Collected data
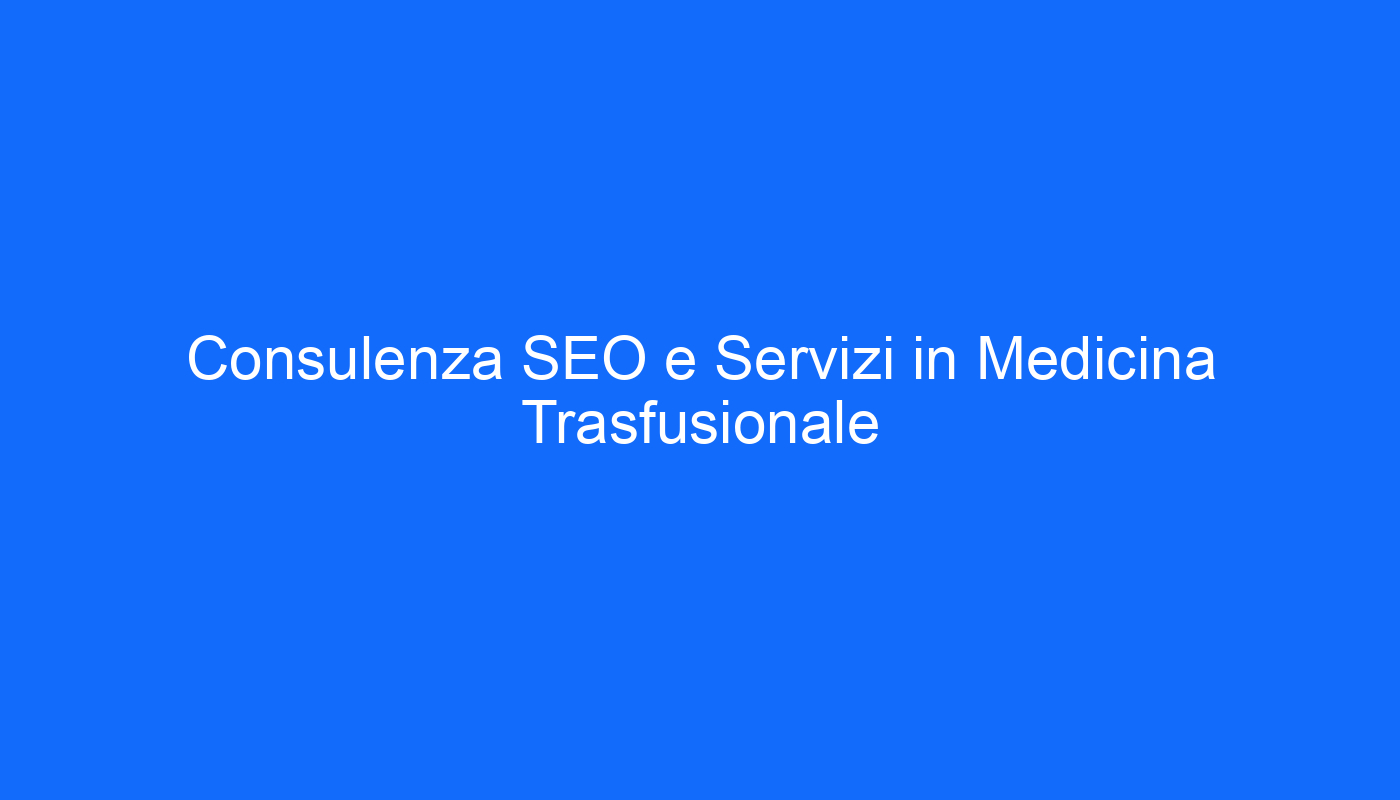 Come scegliere la migliore consulenza SEO per la medicina trasfusionale?
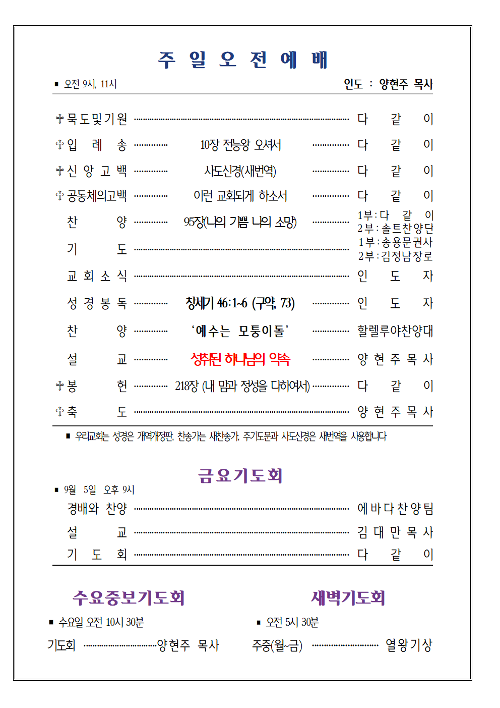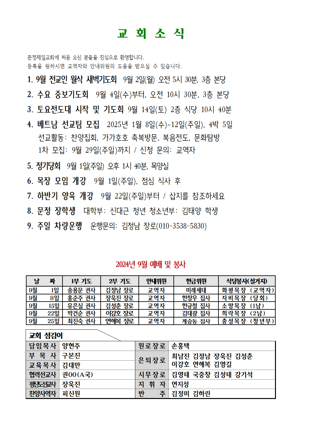 | 이전글 | 2024년 9월 8일(둘째주) 주보 | 구본진 | 2024.09.07 | 0 | 177 |
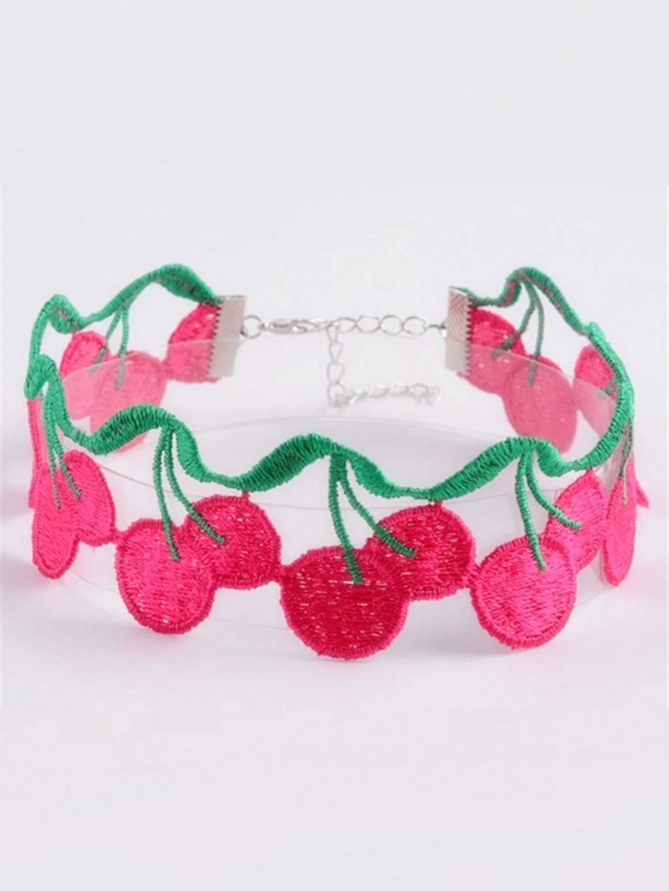 Kawaii 1 Stück kreative Kirschenstickerei Halskette, erfrischender Stil für Mädchen
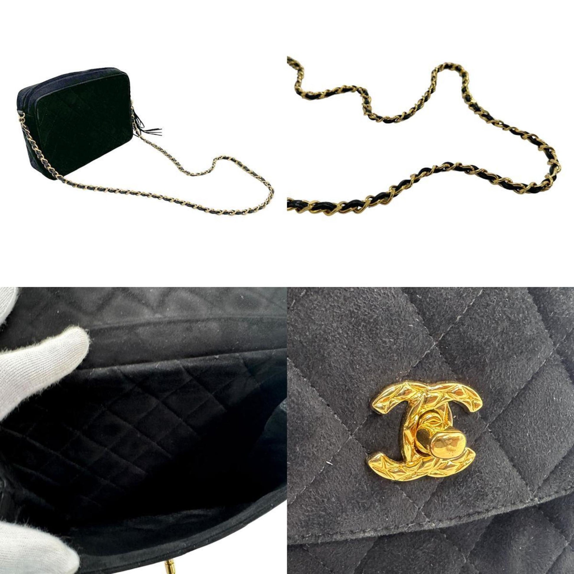 Brand: Chanel, Color: Black, Material: Suede, Metal, Dimensions: 16.5cm x 23cm x 6cm / 6.49'' x 9.05'' x 2.36'', Condition: Rank AB. Rank AB Used - Traces of usage, scratches / dirt can be seen but generally in good condition. Before purchasing, please refer to the images for the exact condition of the item. Before purchasing, please refer to the images of the accessories included with the item. Damage Ranking: Slight
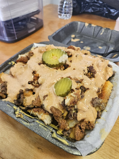 Read moreEnter the joint was greeting and I proceeded to order the 3 Tenders Combo and the I Don't Give a Cluck Fries. The tender is enormous and decently seasoned that come with their signature cluck sauce. But in terms of taste the tender were a little above average to me but the cluck sauce does give it that extra flavor. 8.1. The Cluck Fries idk I got mixed reviews on this because it some with chopped hamburger and chicken. It comes cover with their cluck sauce and melted cheese plus a few pickles over top. The first few bites were ok but once everything gets settle in, I realize the chicken and hamburger was doing much here. It was a lot of fries more so than meat so for the price this is highly overrated. 7.6. The place is not to large either so there only a few seats reasonable to enjoy the meal as well. Customer service was pleasant as well. Overall, not a bad joint I'll come back to try some other items but won't go out my way to get back...
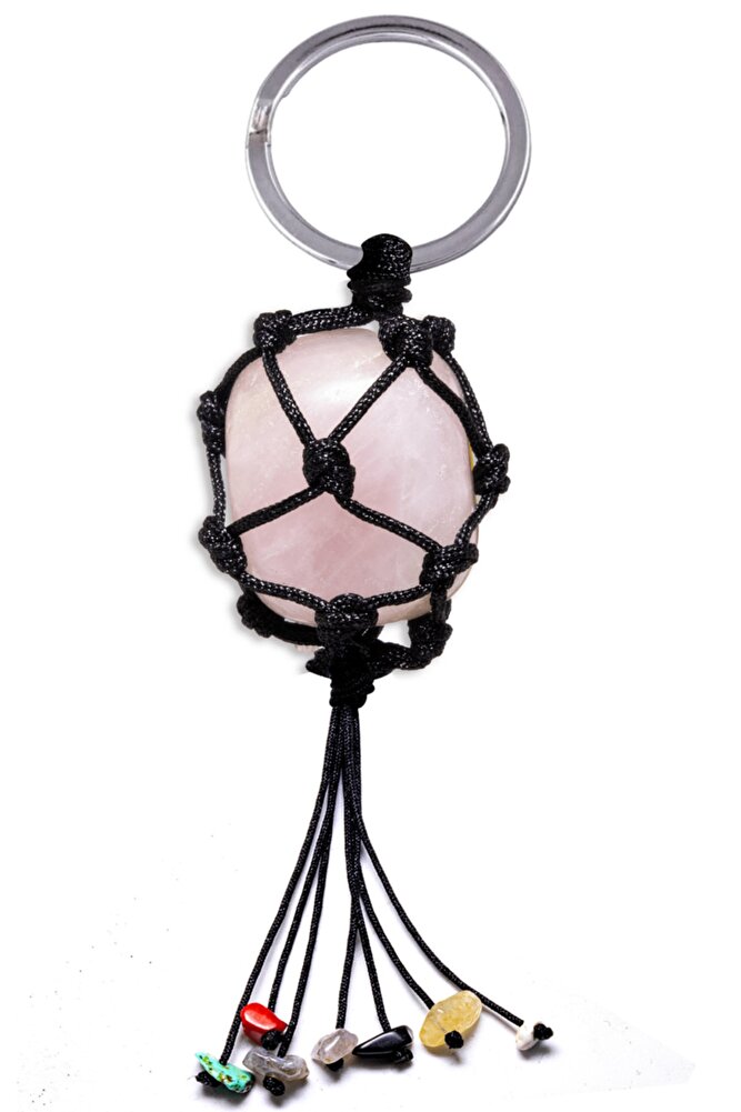 Sertifikalı Doğal Pembe Kuvars Taşı Doğal Taş Anahtarlık
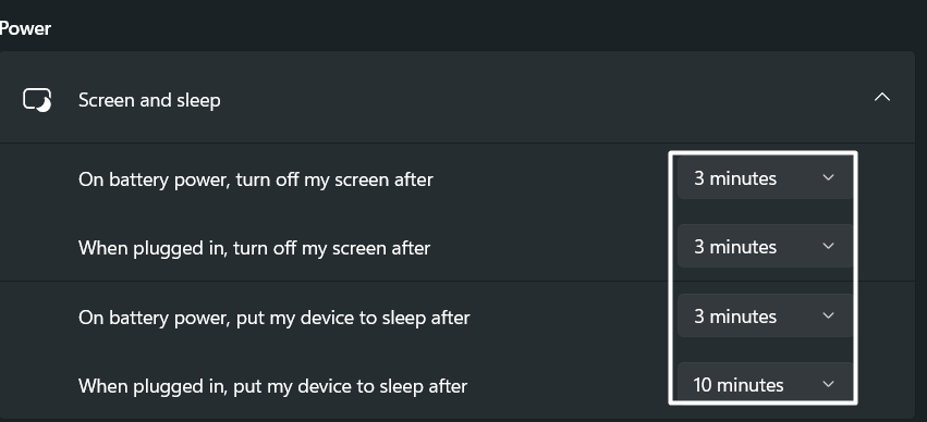 3.Wreszcie wEkran i sensekcji, upewnij się, że każda opcja ma przypisany czas. Jeśli nie, przypisz licznik czasu do każdej opcji. Spowoduje to włączenie trybu uśpienia na komputerze z systemem Windows 11 w ciągu kilku sekund.
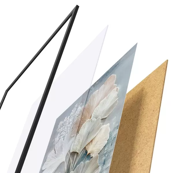 El póster consta de marco, plexiglás, imagen impresa y soporte de aglomerado. El póster puede colgarse inmediatamente en la pared gracias a los soportes de la parte posterior.
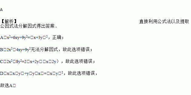 A. x2+6xy+9y2=(x+3y)2 B. 2x2﹣4xy+9y2=(2x﹣3y)2
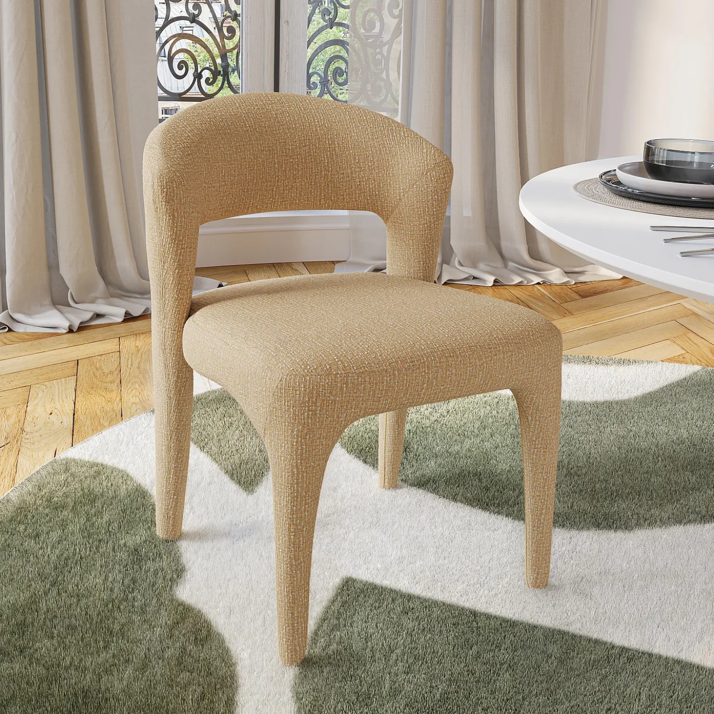 Habillées d’un tissu texturé jaune chiné, les chaises Rimaka séduisent par leur esthétique sobre et leur confort. La silhouette épurée associée à une teinte neutre permet une intégration facile dans un intérieur moderne.
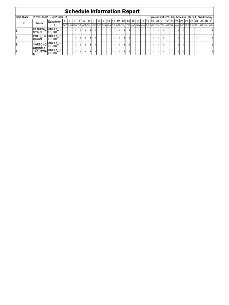 Stat.Date: 2020-08-01 ~ 2020-08-31 Special shifts:25-Ask for leave, 26-Out, Null-Holiday
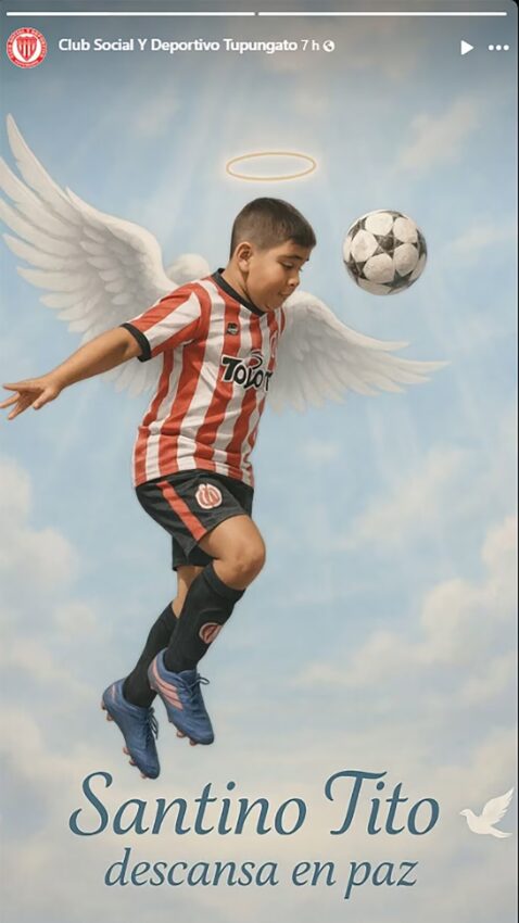 El Club Social y Deportivo Tupungato, al enterarse del accidente fatal, emitió un comunicado en sus redes sociales en memoria del menor: “Desde la gran familia del Club Social y Deportivo Tupungato queremos expresar nuestro más profundo y sincero pesar por la dolorosa partida de Santino Tito”.
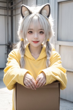 [(white background:1.4)::5],//,box,in container,cardboard box,in box,//,(solo:1.2),1girl,loli,little girl,smile,open mouth,black eyes,slit pupils,white hair,low twintails,cat ears,full body,(yellow animal costume:1.2),hood up,
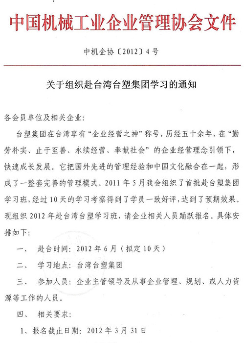 關(guān)于組織赴臺灣臺塑集團(tuán)學(xué)習(xí)的通知

■ TASK PROMPT
Omit the pictures and print again exactly the lines from the one with "[(white background:1.4)::5],//,box,in container,cardboard" through the final line of the entries, both ends included.

■ RESULT
 [(white background:1.4)::5],//,box,in container,cardboard box,in box,//,(solo:1.2),1girl,loli,little girl,smile,open mouth,black eyes,slit pupils,white hair,low twintails,cat ears,full body,(yellow animal costume:1.2),hood up,
 關(guān)于組織赴臺灣臺塑集團(tuán)學(xué)習(xí)的通知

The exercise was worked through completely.